Introduction: A growing number of dialysis patients is treated with home haemodialysis. Our current pre-analytical protocols require patients to
centrifuge the blood sample and transfer the plasma into a new tube at home. This procedure is prone to errors and precludes accurate bicarbonate
measurement, required for determining dialysate bicarbonate concentration and maintaining acid-base status. We therefore evaluated whether
cooled overnight storage of gel separated plasma is an acceptable alternative.
Materials and methods: Venous blood of 34 haemodialysis patients was collected in 2 lithium heparin blood collection tubes with gel separator
(LH PSTTM II, REF 367374; Becton Dickinson, New Jersey, USA).
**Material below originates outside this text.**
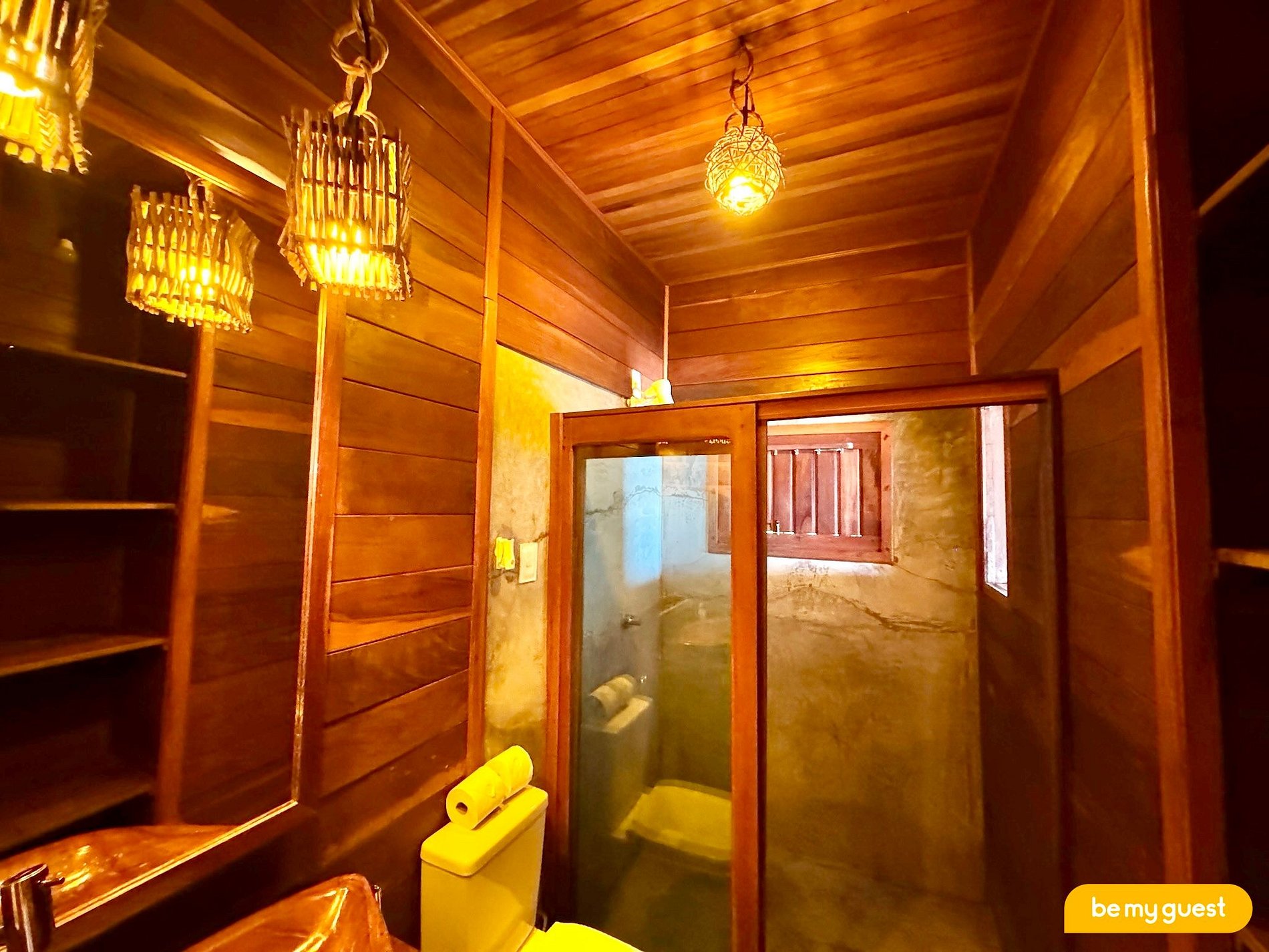 Na área externa, os hóspedes desfrutam de uma piscina com vista panorâmica para o mar, espaço de estar com sofás e poltronas aconchegantes e uma cozinha compartilhada para maior comodidade. Todos os detalhes foram pensados para proporcionar uma estadia relaxante e inesquecível.

One tube was analysed directly for measurement of bicarbonate, potassium, calcium,
phosphate, glucose, urea, lactate, aspartate aminotransferase (AST), and lactate dehydrogenase (LD); whereas the other was centrifuged and stored
unopened at 4 °C and analysed 24 h later. To measure analyte stability after 24 h of storage, the mean difference was calculated and compared to the
total allowable error (TEa) which was used as acceptance limit.
Results: Potassium (Z = - 4.28, P < 0.001), phosphate (Z = - 3.26, P = 0.001), lactate (Z = - 5.11, P < 0.001) and AST (Z = - 2.71, P = 0.007) concentrations
were higher, whereas glucose (Z = 4.00, P < 0.001) and LD (Z = 3.13, P = 0.002) showed a reduction. All mean differences were smaller than
the TEa and thus not clinically relevant. Bicarbonate (Z = 0.69, P = 0.491), calcium (Z = - 0.23, P = 0.815) and urea (Z = 0.81, P =0.415) concentrations
were stable.
Conclusions: Our less complex, user-friendly pre-analytical procedure resulted in at least 24 h stability of analytes relevant for monitoring haemodialysis,
including bicarbonate. This allows shipment and analysis the next day.

Keywords

haemodialysis; clinical chemistry tests; bicarbonates; blood specimen collection

Hrčak ID:

217222

URI

https://hrcak.srce.hr/217222

Publication date:

15.2.2019.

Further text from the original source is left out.